# Credit card question on 0% balance



## Megs Lad (Nov 27, 2012)

I've recieved a 0% transfer on money I transfer to my current account and I was wondering if I transferred say 200 pound which is interest free for 6 months and I then used my credit card for a normal purchase would I still be able to pay off that payment in full and leave the balance transfer amount to pay at a later date


----------



## Natalie (Jan 19, 2011)

I'm sure you pay off whatever is at the higher interest rate first, you'd need to check your CC agreement.


----------



## Megs Lad (Nov 27, 2012)

Yeh I think your right ill check the small print thankyou


----------



## Natalie (Jan 19, 2011)

On the Virgin CC site it says 


> If you don't pay off your balance in full, your repayments will be allocated to balances at the highest rates first.
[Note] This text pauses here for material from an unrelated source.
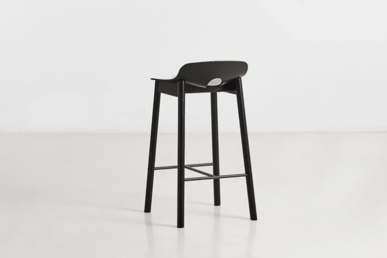 Mono bar stool by Woud reshapes traditional Scandinavian wood design with a new plywood technique. Created by the Finnish designer Kasper Nyman for the Danish brand Woud, Mono chairs were inspired by a shape of a folded paper cone – the overlapping construction of the seat is enabled by a thermoformable Grada wood that can be shaped into more challenging forms than ordinary plywood. The result is a smooth, simple and extremely sophisticated wooden chair, perfected with a beautiful drop-shaped hole. The chairs of the Mono collection are manufactured in Denmark.

If you have balances attracting the same promotional rate, we will allocate your repayments to the balance with the earliest start date - and if the start dates are the same, repayments will come from the one with the highest standard rate.
> 
> Please note, this applies whether or not lower interest rate transactions have appeared on your statement yet.


----------



## Darlofan (Nov 24, 2010)

Any payments are supposed to pay off the highest interest first, however I had a good deal sent from my CC so i paid off the remining balance then transferred another card balance onto it. On the next statement there was interest from the original amount of about £2.40 iirc. I thought that would disappear after my first big payment but it's still there, I should ring them to find out why as I'm expecting 0% for 9 months.


----------